**Action item:** Instruction for the data below: set down exactly the lines from the line with "- لوحة المراقبة" to the line with "As I’ve shown", inclusive, and no others.

**Input for this task:**
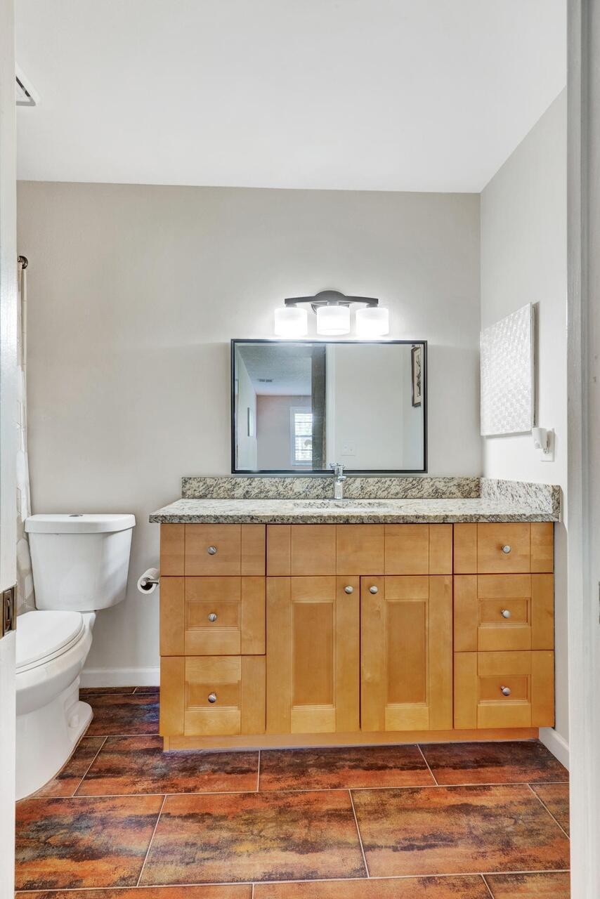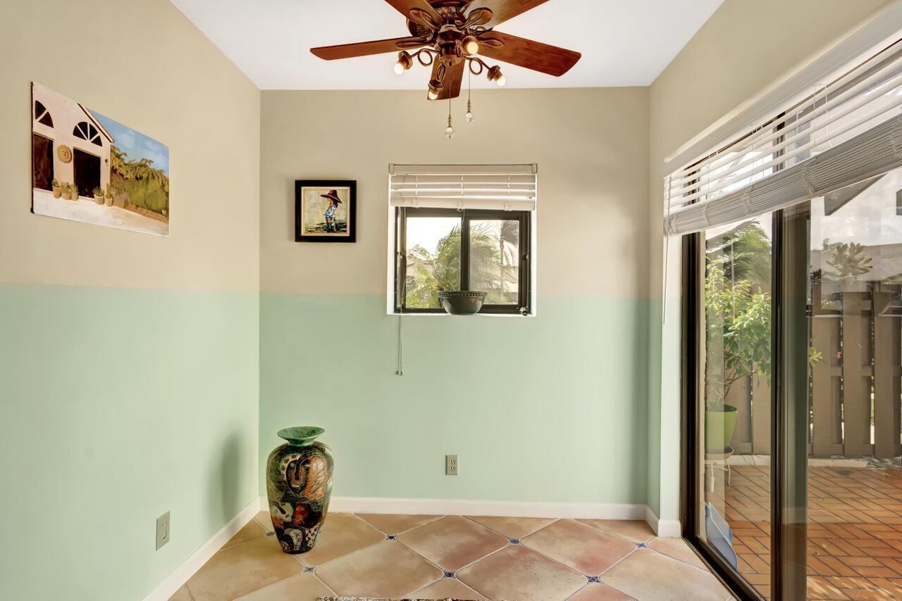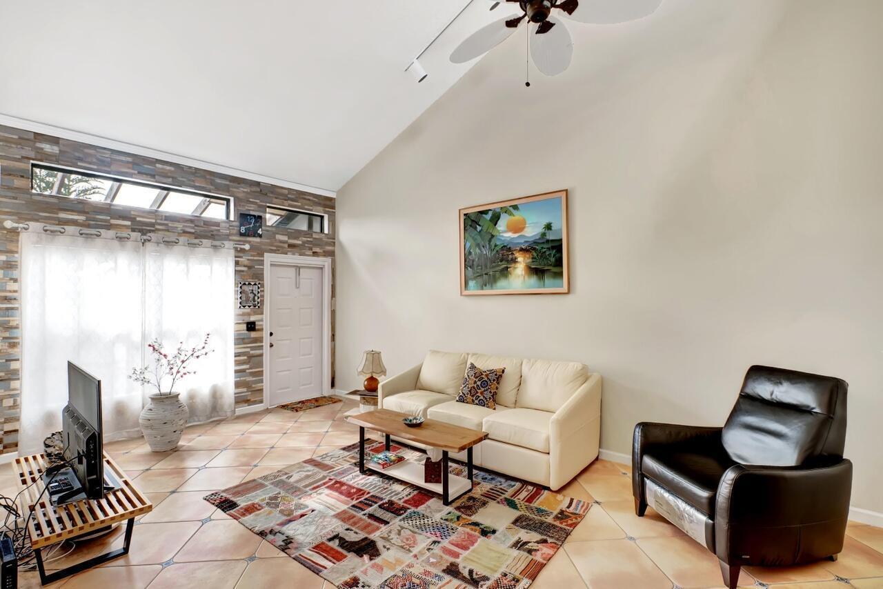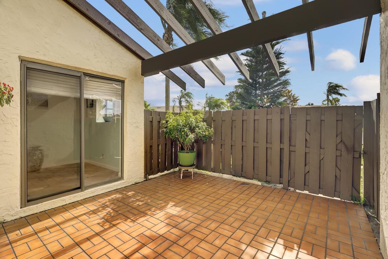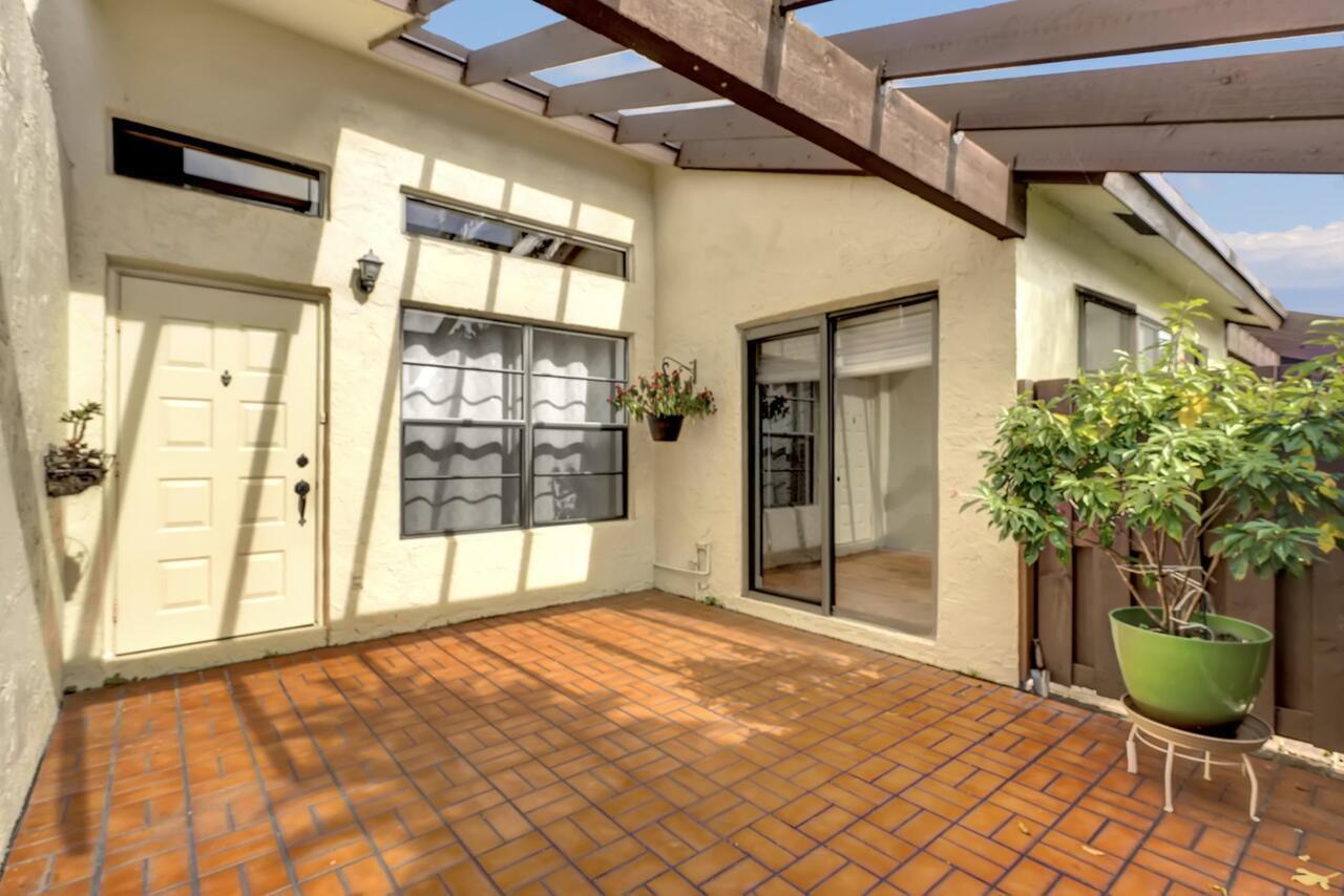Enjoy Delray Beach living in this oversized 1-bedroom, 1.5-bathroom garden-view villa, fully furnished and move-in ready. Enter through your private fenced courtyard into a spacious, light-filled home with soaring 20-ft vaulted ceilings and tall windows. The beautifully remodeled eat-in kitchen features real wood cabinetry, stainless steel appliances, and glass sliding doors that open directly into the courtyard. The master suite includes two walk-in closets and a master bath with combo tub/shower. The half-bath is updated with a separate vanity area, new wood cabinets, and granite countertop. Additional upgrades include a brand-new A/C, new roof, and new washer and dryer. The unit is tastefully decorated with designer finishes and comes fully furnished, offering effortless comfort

==

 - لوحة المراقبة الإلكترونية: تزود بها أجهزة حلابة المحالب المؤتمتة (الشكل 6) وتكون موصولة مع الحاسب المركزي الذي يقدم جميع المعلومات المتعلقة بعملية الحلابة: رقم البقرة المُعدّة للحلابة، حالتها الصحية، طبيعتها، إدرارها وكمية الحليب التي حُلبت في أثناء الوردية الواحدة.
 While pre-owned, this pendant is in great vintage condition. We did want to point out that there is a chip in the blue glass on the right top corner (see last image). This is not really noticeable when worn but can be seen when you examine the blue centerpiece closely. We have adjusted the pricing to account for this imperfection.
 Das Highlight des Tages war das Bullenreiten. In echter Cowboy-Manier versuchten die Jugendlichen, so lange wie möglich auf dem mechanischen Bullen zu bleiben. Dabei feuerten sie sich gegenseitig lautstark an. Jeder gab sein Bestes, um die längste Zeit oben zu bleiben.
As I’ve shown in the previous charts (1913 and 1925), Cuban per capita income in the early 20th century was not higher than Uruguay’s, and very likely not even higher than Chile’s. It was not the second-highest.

**Response box:**
 - لوحة المراقبة الإلكترونية: تزود بها أجهزة حلابة المحالب المؤتمتة (الشكل 6) وتكون موصولة مع الحاسب المركزي الذي يقدم جميع المعلومات المتعلقة بعملية الحلابة: رقم البقرة المُعدّة للحلابة، حالتها الصحية، طبيعتها، إدرارها وكمية الحليب التي حُلبت في أثناء الوردية الواحدة.
 While pre-owned, this pendant is in great vintage condition. We did want to point out that there is a chip in the blue glass on the right top corner (see last image). This is not really noticeable when worn but can be seen when you examine the blue centerpiece closely. We have adjusted the pricing to account for this imperfection.
 Das Highlight des Tages war das Bullenreiten. In echter Cowboy-Manier versuchten die Jugendlichen, so lange wie möglich auf dem mechanischen Bullen zu bleiben. Dabei feuerten sie sich gegenseitig lautstark an. Jeder gab sein Bestes, um die längste Zeit oben zu bleiben.
As I’ve shown in the previous charts (1913 and 1925), Cuban per capita income in the early 20th century was not higher than Uruguay’s, and very likely not even higher than Chile’s. It was not the second-highest.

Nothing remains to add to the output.